Jesus will call these things — sources of privilege such as ethnicity, nationality, socio-economic background, gender, sexuality, education — the flesh, saying flesh gives birth to flesh but the Spirit of God gives birth to the spirit. It is also noteworthy that Jesus called the Temple in Jerusalem ‘my Father’s house,’ and for some, our cherished church practices can become a dungeon that imprisons us. If that is your story, the Spirit of God wants to set you free.

Instead of in these things, God wants Abram to find security in God. In knowing himself to be a child of God. In knowing God to be a loving Father. As my wife would put it, knowing WHO you are, and knowing WHOSE you are.

(Abram means Great, or Exalted, Father. But Abram is childless. He has no heir. His name is as unwelcome as a Best Dad In The World mug to a man with low sperm count. But God wants to bring healing to Abram, first by showing Abram that he, God, is a Loving Father, and in time by giving Abram a new name, Abraham, the Father of a Multitude, the father of all who follow in his footsteps walking with God.)

God calls Abram — and his descendants — out of every familiar source of hoped-for security, to become foreigners wherever they find themselves. To identify with the immigrants, those on the outside of national identity, cultural identity, self-interest. To be a significant sub-group within the host people but not of the host people. To be, as immigrant communities usually are, a community who seek to bless the host people. To serve their neighbours. To add value.

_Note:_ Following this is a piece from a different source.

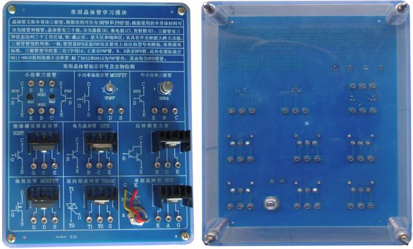 底盒使用190mm×145mm的開(kāi)模有機透明塑料底盒,模塊面板采用印制電路板PCB工藝,可以直觀(guān)看到器件的實(shí)物及相關(guān)的原理介紹。對于典型應用及易損器件安裝在面板背面,透過(guò)透明底盒能夠看到器件實(shí)物,方便感性認識、檢測測試,同時(shí)也能防止器件的損傷。

God tells Abram that if he sets out on this adventure, he will meet two kinds of people. He will meet those who bless him, who affirm him, encourage him, those who ask how they can support him. And he will meet those who curse him, who speak ill of him, on account of his faith, who oppose him. God tells Abram to expect both responses, and that God will multiply blessing wherever the intention to bless is found; and frustrate all intention to curse Abram, working to constrain evil, to transform it effectively against itself by bringing good out of actions intended for harm.

If you have set out on the journey of faith in the footsteps of Abram, you can expect to encounter the same reactions. We should not be surprised by this. We can give thanks for openness and hostility, for invitations and challenges, for favour and frustration, all as signs of still being on the path to a destination we don’t yet fully know, in the company of a trustworthy guide.

Maybe you recognise yourself in the story of Abram. Of faith, stalled by circumstances. Of the search for security — identity, meaning — in structures that are, inherently, unstable. Or perhaps of feeling like an outsider, and feeling alone, not part of a mighty people-group. Maybe you want to be a blessing, but struggle to see yourself in such terms, as something — someone — who is a gift to the world. Or perhaps you are struggling with the hostile reaction of others towards the things that matter to you.

Abraham’s story is the story of his descendants in faith. If that story resonates with you — if anything above intrigues you — I’d love to talk to you about that, to hear your story. To bless you. And to pray for you, that you would see and hear and know God more clearly.

If you are geographically local to me, you’d be most welcome to join us on Sunday morning, at 10.30 a.m. at St Nicholas Church, Sunderland

Genesis 12.1-4

‘Now the Lord said to Abram, “Go from your country and your kindred and your father’s house to the land that I will show you. I will make of you a great nation, and I will bless you, and make your name great, so that you will be a blessing. I will bless those who bless you, and the one who curses you I will curse; and in you all the families of the earth shall be blessed.” So Abram went, as the Lord had told him; and Lot went with him. Abram was seventy-five years old when he departed from Haran.’